Синицын сел на своего конька. Они с Твороговым и прежде не раз вели разговоры на подобные темы, начиная, пожалуй, еще со студенческих времен. И оттого, что спор этот так привычно перешел в знакомое русло, Творогов вдруг успокоился: казалось, Синицыну, как и раньше, необходимо лишь выговориться, и ничего больше.
Они так и расстались, почти совсем примирившись, условившись, что оба еще подумают, поразмыслят и вернутся еще к этому разговору.
Мог ли Творогов тогда представить себе, мог ли догадываться, какие события вскоре повлечет за собой упрямая решимость Синицына? Да предположи он тогда, знай, какой след оставят эти события в Женькиной, да и в его, Творогова, жизни, как разом непоправимо перевернут их отношения, догадайся он тогда обо всем, что ожидало их, что должно было в ближайшие дни произойти в институте, разве не нашел бы он в тот день какие-то иные, куда более весомые слова, чтобы переубедить Женьку, разве не нашел бы?..
ГЛАВА ВОСЬМАЯ
Все-таки он позвонил, Женька Синицын, бродяга старый, воображала, пижон несчастный, все-таки позвонил!
Первой на этот звонок откликнулась Зоя. Как она почувствовала, как сумела выделить его среди тех телефонных звонков, которые время от времени раздавались в этот вечер в их квартире, как угадала безошибочно, когда даже сам Творогов, казалось, уже перестал ждать, уже поставил крест, разуверился, сказал себе: «Хватит». Может быть, верно говорят, что порой неприязнь, враждебность обладают большей интуицией, нежели любовь и преданность? Так или иначе, но едва лишь тренькнул этот звонок, Зоя сразу сказала:
— Иди снимай трубку, твой Синицын звонит.
Творогов усмехнулся, пожал плечами и пошел к телефону. Часы показывали без четверти одиннадцать.
— Я слушаю, — сказал он.
— Привет! — голос был чуть хрипловатый, чуть искаженный телефонной мембраной, но Творогов мгновенно узнал его.
— Привет, — сказал он, — привет!
И замолчал. Трубка тоже молчала.
Что означала эта маленькая пауза, это секундное замешательство? Прервавшееся на мгновение дыхание? Смущение? Волнение, лишающее вдруг нас возможности управлять своим голосом? Будь это действительно так, Творогов многое бы простил Синицыну.
— Алло, ты меня слышишь? — сказал Синицын.
— Сейчас слышу, — сказал Творогов. — А то вроде что-то прервалось…
— Я говорю: «Привет!» — сказал Синицын.
— И я говорю: «Привет!» — сказал Творогов.
Они оба засмеялись, и Творогов сразу ощутил, как отпускает его напряженность.
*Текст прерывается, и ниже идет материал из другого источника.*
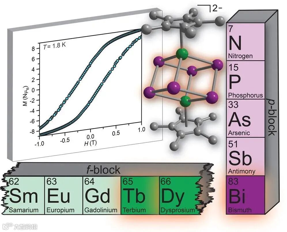 单分子磁体 (SMM) 是一类在没有外加磁场的情况下仍能保持磁极化的分子,这类分子是基于分子自旋且能够用于信息存储和处理的最小尺度单元。传统的多金属镧系元素配合物由于缺乏磁交换耦合而表现出快速弛豫过程,这在一定程度上限制了这类化合物的应用潜力,而引入具有扩散轨道的抗磁性重主族元素有可能会引起罕见的强耦合。基于这一思路,密歇根州立大学化学系Selvan Demir课题组通过溶液法合成了两个铋簇桥连的镧系元素配合物 [K(THF)4]2[Cp*2Ln2Bi6] (Cp* = 五甲基环戊二烯基;1-Ln, Ln=Tb,Dy)。中性的 [Ln2Bi6] 异金属立方烷结构构成具有镧系元素中心,中心间通过罕见的 Bi66-Zintl津特耳离子桥接,这种结构能够实现镧系元素之间的强铁磁相互作用。这为仅包含镧系元素离子的化合物形成超强磁交换耦合SMM创造了条件,并能够观察到罕见的磁阻曲线和磁滞回线。该配位化合物的成功合成实现了第一个含有铋供体的SMM的构建,有望为实现相关的量子计算相关的合成目标铺平了道路。
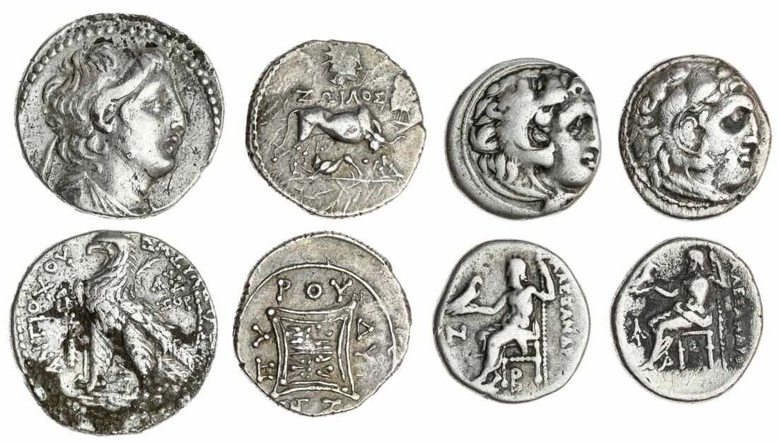 A Selection of Greek Silver (4): Kingdom of Macedon, Alexander III, 'The Great' (336-323 BC) AR Drachm (2): Each with head of Herakles clad in lions skin rev. Zeus Aetophoros enthroned left, holding sceptre in left hand, i) one with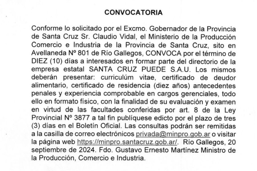 El Ministerio de Producción, Comercio e Industria de la Provincia de Santa Cruz, bajo la solicitud del gobernador Claudio Vidal, lanzó hoy una convocatoria abierta para conformar el directorio de la empresa estatal Santa Cruz Puede S.A.U.. El proceso de selección se llevará a cabo mediante un concurso público de antecedentes, una medida sin precedentes en la provincia que busca garantizar la transparencia y profesionalismo en la conformación del órgano directivo.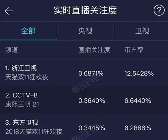 率先创造奇迹的是“猫晚”。截至10日晚23:30,浙江卫视、东方卫视《天猫双11狂欢夜》市占率超18%,其中浙江卫视以超过12%的市占率强势占据全国所有同时段播出节目内容的榜首。这意味着加上优酷的互联网全球直播,第三方收视率监测公司酷云初步估算,有超过2.4亿人收看了2018“猫晚”。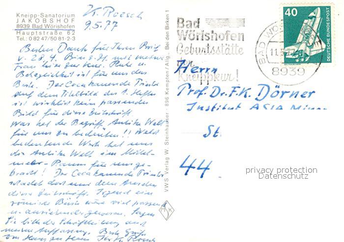 73168686 alte Postkarte Woerishofen Bad Kneipp Sanatorium Jakobshof postalisch gelaufen Erhaltung siehe scans [KathaD81] KatCode: 11110009778116
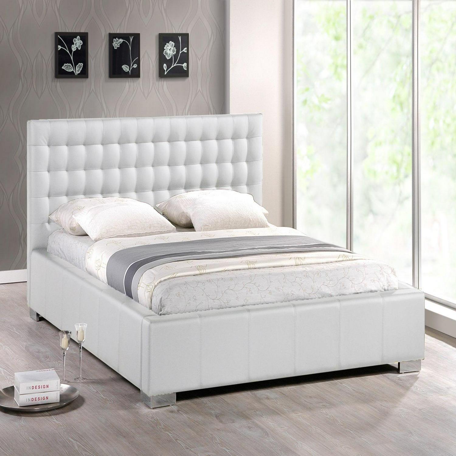 Madison White Modern Bed with Upholstered Headboard (Queen Size)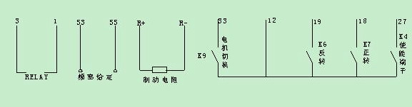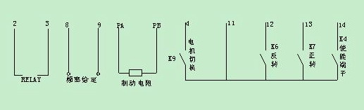 K6和K7分別控制電機正反轉(zhuǎn),K4為使能端;頻率給定方式是PLC輸出0--+10V的電壓信號對應(yīng)0—50HZ;并且KEB也是利用變頻器自身的+15V源極開機方式.以上條件丹佛斯VLT2800全部可以滿足并且能夠達(dá)到客戶所有要求的功能.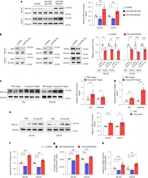 研究人员首次在体外和体内环境中验证了年轻sEVs对PGC-1α表达的影响。结果表明,注射年轻小鼠来源的sEVs可以显著增加老年小鼠海马和肌肉组织中的PGC-1α水平,这与年轻sEVs在细胞培养模型中同样增加PGC-1α表达的结果一致。这一效应对于线粒体的功能至关重要,因为PGC-1α能够增强线粒体的质量控制,从而维护细胞能量平衡。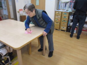 テーブルを拭いていただく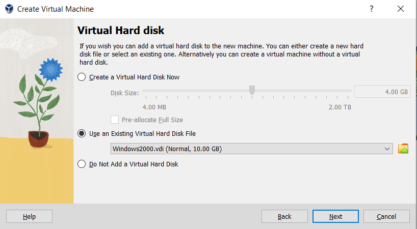 - when it gets to the screen that says ‘Virtual Hard Disk’, select ‘Use an existing hard disk file’ select the windows 2000 . vdi file that you extracted and put somewhere safe earlier.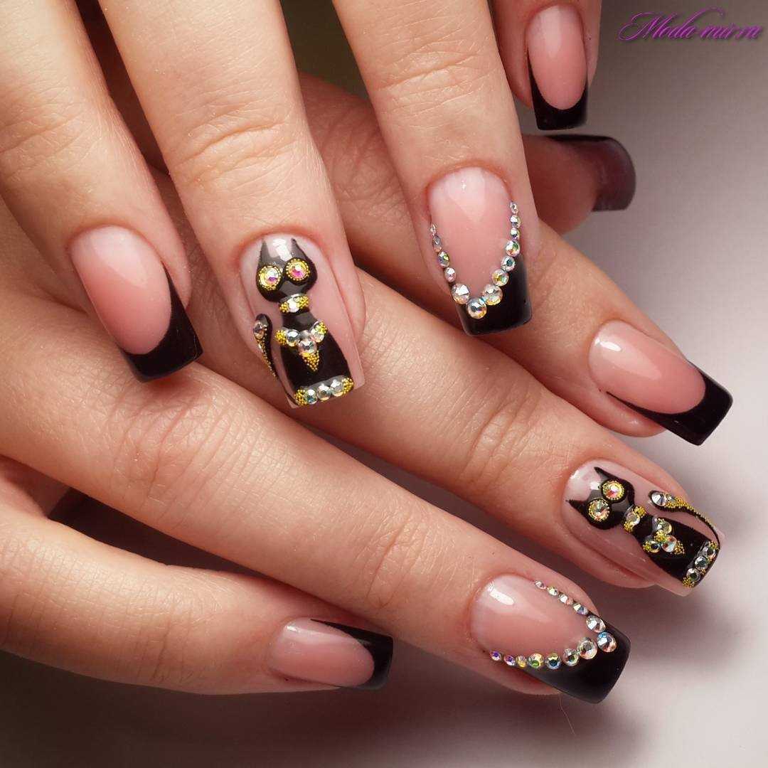 - французский маникюр – черный цвет при этом используется по краю ногтевой пластины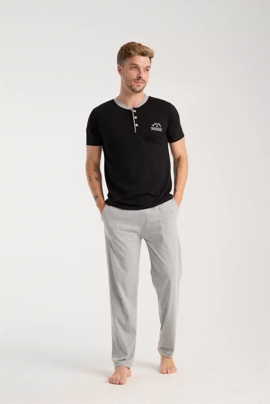 Şıklığı ve konforu bir arada sunan erkek siyah düğmeli yaka kısa kol pijama takımı, günlük kullanım için ideal bir seçenektir.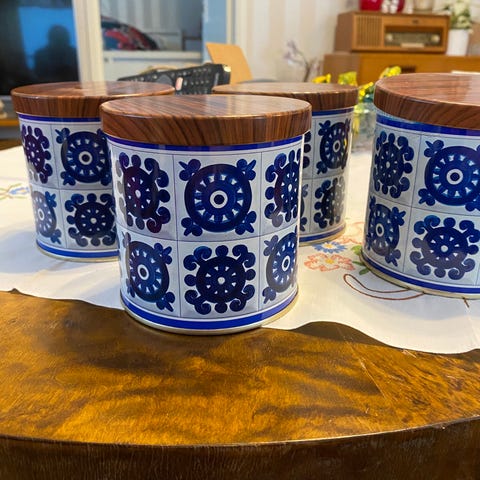 4 kpl sinivalkoisia vintage Viri-kaakaopurkkeja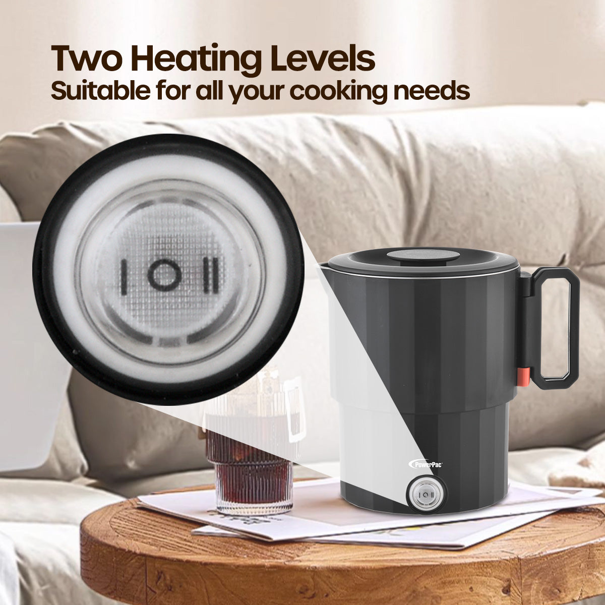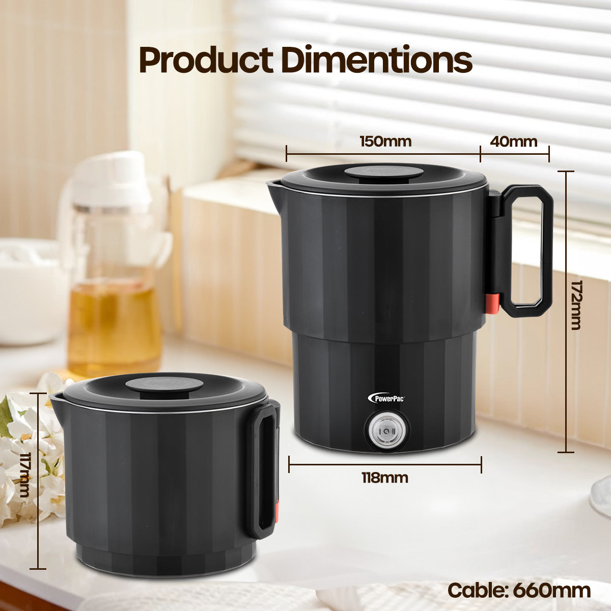 Introducing the PowerPac Foldable Electric Travel Kettle 1L PPJ2025, a useful appliance which you can take along whenever and wherever you travel. The steps required to fold and unfold the kettle are very simple, utilises a pull-tab design and takes less than 2 seconds to fold or unfold. When folded, it is very compact and lightweight; folding from 18 cm to 8 cm! Thus you could put it inside your luggage with nary a care whether your luggage has enough space or would be over-weight.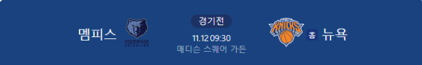 멤피스 그리즐리스 vs 뉴욕 닉스 (NBA) (2025 11.12)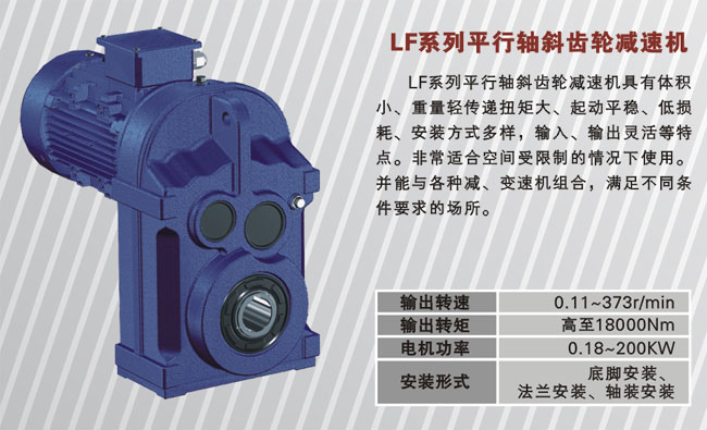 供應(yīng)LF系列平行軸斜齒輪減速機(jī)LF系列平行軸斜齒輪減速機(jī)具有體積小、重量輕傳遞扭矩大、起動(dòng)平穩(wěn)、低損耗、安裝方式多樣,輸入、輸出靈活等特點(diǎn)。非常適合空... 2011-4-13 |
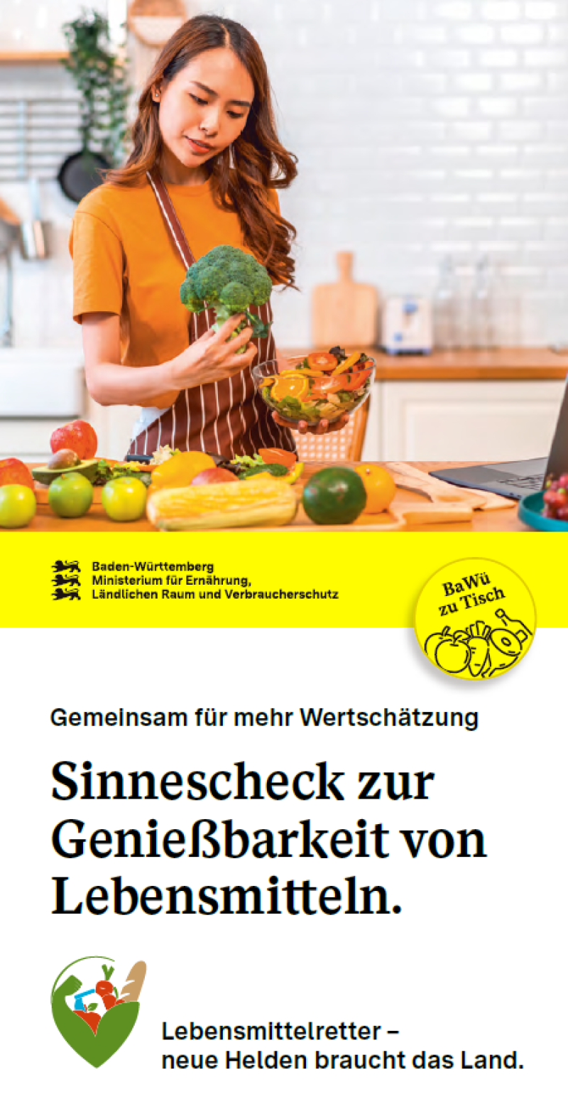 Der Flyer informiert Verbraucherinnen und Verbraucher darüber, wie die Genießbarkeit eines Lebensmittels mit Hilfe der eigenen Sinne beurteilt werden kann.

— Слушай, Костя, может, выскочишь на полчасика? — сказал Синицын так, словно они расстались только вчера. — Пройдемся, проветримся, подышим перед сном свежим воздухом, а? Если, конечно, ты еще окончательно не обленился…
Прежде у Синицына это называлось — «высвистывать» приятеля. Такая привычка — привычка решать все важные дела на улице, во дворе, на скамейке в парке — осталась у него еще с отрочества, с юности, с тех времен, когда жил он в одной комнатенке с отчимом и матерью и не мог, не хотел никого приглашать к себе, а в чужих квартирах, наверно, из-за гордости своей чувствовал себя неуютно, неловко, замыкался и впадал в угрюмость.
— Выскочишь?
— А ты где?
Творогов поймал настороженный Зоин взгляд. Она что-то показывала ему знаками.
— Да тут, неподалеку от тебя, на углу, возле газетного киоска…
…Тогда, в последний раз, он тоже ждал Творогова возле газетного киоска. Он внимательно рассматривал обложки вывешенных за стеклом киоска журналов и, казалось, не заметил, как Творогов подошел к нему… Бог ты мой, как давно это было!..
— Хорошо, — сказал Творогов. — Я сейчас выскочу. Через пять минут.
— Ну знаешь ли! — выпалила Зоя, едва он повесил трубку, и такая обида, такое глубокое возмущение звучали в ее голосе, будто он, Творогов, только что нанес ей личное оскорбление. — Ну знаешь ли! Поздравляю! И ты думаешь, после этого тебя кто-нибудь станет уважать, кто-нибудь будет с тобой считаться? Как ты ведешь себя? Доктор наук, солидный, взрослый человек…
Он был уже в коридоре, одевался.
— …Седые волосы вон уже проглядывают, а, как мальчишка, срываешься, мчишься, едва тебя поманили пальцем! И еще радуешься, что поманили! Да где твоя гордость? Где твое достоинство?..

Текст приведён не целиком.